If you go back to the 1970s and if you had a nice head of hair and a guitar you can understand why I would think that I didn't need God.
I had what I needed.
I had become very self-sufficient and self-reliant and didn't value relationships, family or prayer. This caught up with me very quickly. By the time I graduated I grew depressed and started asking questions. How could I be so happy last week and suddenly so miserable this week? Something told me that I needed God. Perhaps more of my baptism, and those Sunday Masses and readings had rubbed off on me.
It was during that empty month of June that I wandered into a Newman Center one Thursday evening and experienced a charismatic Mass. The Gospel reading was as if God had written me a letter. It caught my attention and knocked me off my horse. I returned the following week. Through the Newman Center, I met some people that encouraged me to read the Bible. It was a radical beginning to a conversion.
I understand that you were offered your first music job in the midst of confession. Can you tell me about that?
After graduating from the University of Arizona in Tucson in 1984 with a degree in music I wasn't sure what I was going to do. In college I had served at liturgies and led people in prayer and had a real passion for my Catholic faith. When I returned to Phoenix I looked up Father Dale Fushek, a priest I had met in my younger years, for spiritual direction. He had just become the youngest pastor at the largest parish in Phoenix.
It was during confession that Father Dale asked me if I had health insurance. He said, “I am in need of a musician and I've been thinking of offering you a job.” He jokes that my penance was to work hard for so many years—bad sins, I guess. I began in April of 1985 as the music minister for St. Timothy's Catholic Community in Mesa and it was the birth of something special.
I kept serving our community and the teens. We would need a song for this and a song for that and so I kept writing music. Many of those songs have been picked up by Oregon Catholic Press and by other artists.
Tell me how your collaborations with Kathy Troccoli and Rich Mullins came about.
Kathy had attended our Mass and heard us sing “I Will Choose Christ.” She came down to sing the closing song with us and she whispered to me, “I want to record that song.” I said, “Yeah, right!” and she said, “I'm serious.” So we got together.
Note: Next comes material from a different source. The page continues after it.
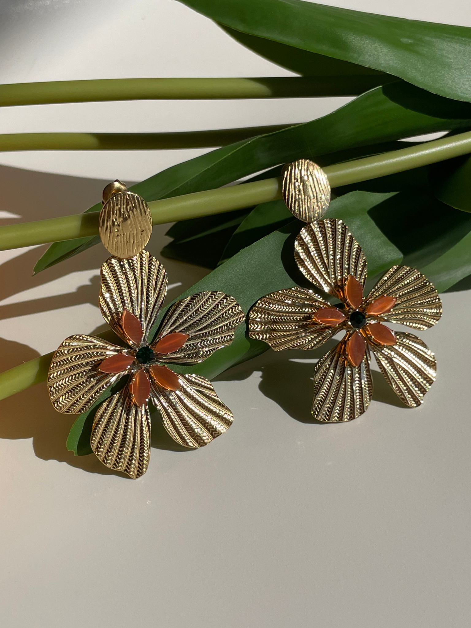 Boucles d'oreilles en forme de fleur en acier inoxydable doré, avec petits détails oranges et verts.

The song, as it was, was liturgical and probably wouldn't be played on the radio so we changed the lyrics and added a bridge. It became No. 1 on Christian radio and was later nominated for a Dove Award.
I first met Rich Mullins backstage after a concert and we got along. He gave me his home number and encouraged me to call him. I thought, “Who am I to call Rich Mullins?” and so I didn't. Later, while on retreat at John Michael Talbot's hermitage I met Rich again and the first thing he said to me was, “You never called me.”
The last two and a half years of his life he served as a kind of mentor to me. He had been writing a song and asked me and a friend [Mitch McVicker] to help him finish it. We wrote “Nothing Is Beyond You,” but he died tragically before it could be recorded.
Small, alongside with my grief in losing a friend, there was also the loss of that song. I was completely surprised when in December following his death Myrrh Records called. They said, “We understand that you wrote this song with Rich Mullins. Amy Grant would like to record it. Do we have your permission?” It was like getting a call from Rich himself.
Tell me a bit about your most recent album.
I worked on “Change Me” for about two years, and I'm very excited about it. It's certainly my strongest recording to date. It includes a variety of styles including worship, liturgical pieces, and radio-ready songs. It includes a love song I wrote to Our Lady that I sing at a lot of weddings.
It also includes a tribute to the late Rich Mullins called “Just Another Day.” Stylistically and lyrically it's a song that I never could have written if I had never met Rich.